Before I dive into what dm is doing now I'll describe a couple of
changes that I feel need to be made to the block layer.
Flushing mapped io
------------------
Whever a mapping driver changes the mapping of a device that is in use
it should ensure that any io already mapped with the previous
mapping/table has completed. At the moment I do this by hooking the
bi_endio fn and incrementing an pending count (see
dm_suspend/dm_resume). Your new merge_bvec_fn (which I like) means
that the request has effectively been partially remapped *before* it
gets into the request function. ie. the request is now mapping
specific. So before I can use merge_bvec_fn we need to move the
suspend/resume functionality up into ll_rw_block (eg, move the pending
count into the queue ?). *Every* driver that dynamically changes a
mapping needs this functionality, LVM1 ignores it but is so simple it
*might* get away with it, dm certainly needs it, and I presume EVMS
has similar code in their application.
Agree ?
Splitting pages
---------------
ATM the merge_bvec_fn is a predicate which states whether a page
_can't_ be appended to a bio (a curious way round to do it). The
driver will always have to contain code that copes with the case when
a mapping boundary occurs within a page (this happens). I would
really like to go the whole hog and change the merge_fn so that it
returns how much of the page can be accepted. As far as I can tell
(you're probably about to put me right), the only reason you haven't
done this is because:
/*
* I/O completion handler for multipage BIOs.
*
* The mpage code never puts partial pages into a BIO (except for end-of-file).

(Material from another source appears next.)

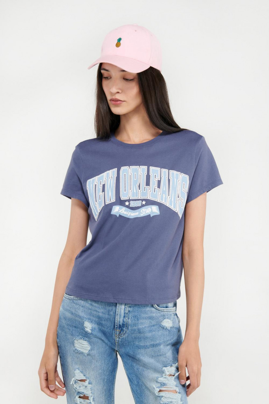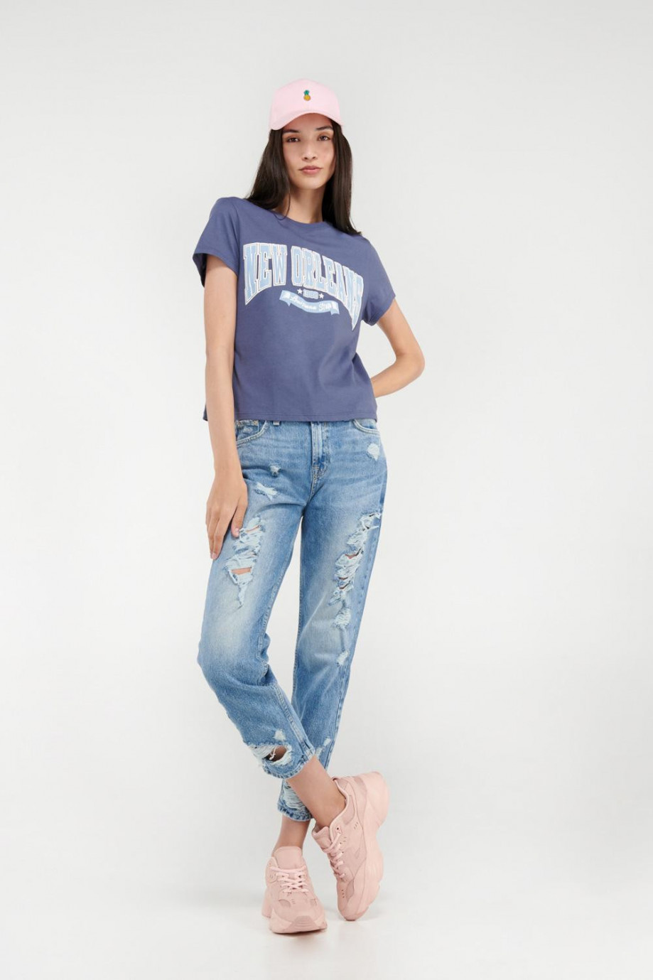 Camiseta manga corta para mujer básica, con estampado en frente.

* If a page does not map to a contiguous run of blocks then it simply falls
* back to block_read_full_page().
*
* Why is this? If a page's completion depends on a number of different BIOs
* which can complete in any order (or at the same time) then determining the
* status of that page is hard. See end_buffer_async_read() for the details.
* There is no point in duplicating all that complexity.
*/
I believe it _is_ possible to implement this without incurring
significant CPU overhead or extra memory usage in the common case that
the mapping boundaries do occur on page breaks (This was another
reason why I was trying to get the users of bio_add_page using a
slightly higher level api that takes the bio submitting out of their
hands).
BTW: is there any point calling the merge_bvec_fn in bio_add_page when
the bios length is zero ?
dm splitting now
----------------
The splitting code as it exists ATM is ignoring the merge_bvec_fn.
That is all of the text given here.